Oh, here's a new development.

I only crash when I send the text to a channel that has other people in it. What seems to be happening is that while the text is flooding into the channel and my client is busy sending it, some other client in the channel can't keep up and crashes, and the message from the server about their disconnect gets sent to me and my bible flood immediately stops. The next message to me then segfaults.

If I do this in an empty channel or with other users I know won't say anything or crash for the duration of the flood, I do not crash and the entire text is sent.

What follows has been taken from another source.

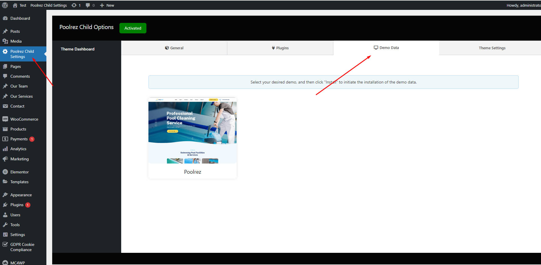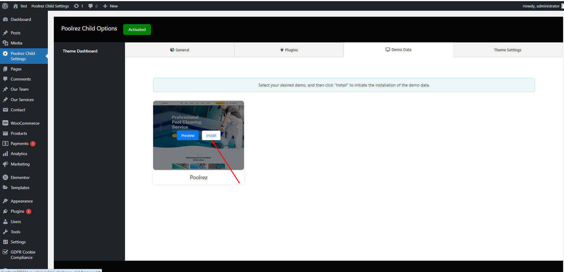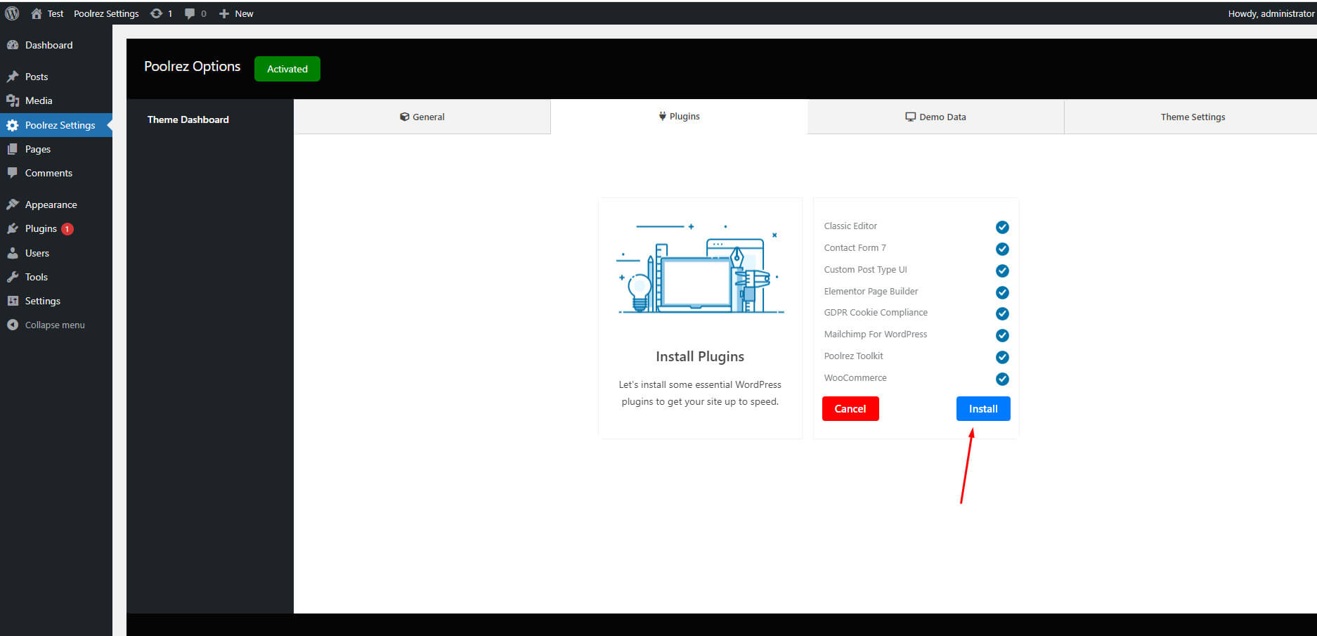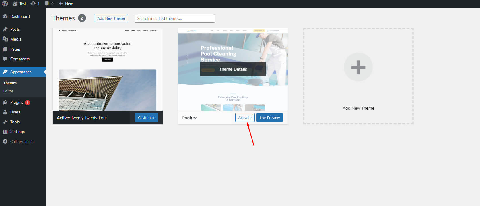 - When the installation completes, click Activate. You will be redirected to Themes page with Poolrez activated.

spaghetti2514 avatar Dec 05 '17 16:12 spaghetti2514

I can't really track it down even with all the information you provided. are you comfortable with compiling irssi? you could apply this patch https://github.com/ailin-nemui/irssi/commit/4e56675d2fea8aed59d91875f317ec228c94da85.patch and record a signal emission trace like so: irssi 2>signal_trace.log

ailin-nemui avatar Dec 07 '17 10:12 ailin-nemui

@ailin-nemui Sure, give me a few minutes

spaghetti2514 avatar Dec 07 '17 17:12 spaghetti2514

Okay so with the version of irssi I compiled with the patch, it never crashes. I have no idea why.

Also the signal_trace.log file is 645MB.

spaghetti2514 avatar Dec 07 '17 18:12 spaghetti2514

well.. thanks for trying.. meh. I wonder if you could run it under valgrind memory checker (without the signal trace patch); but maybe it's also be too slow to make it crash. or with some other methods @josephbisch do you have some suggestion how to best triage this issue?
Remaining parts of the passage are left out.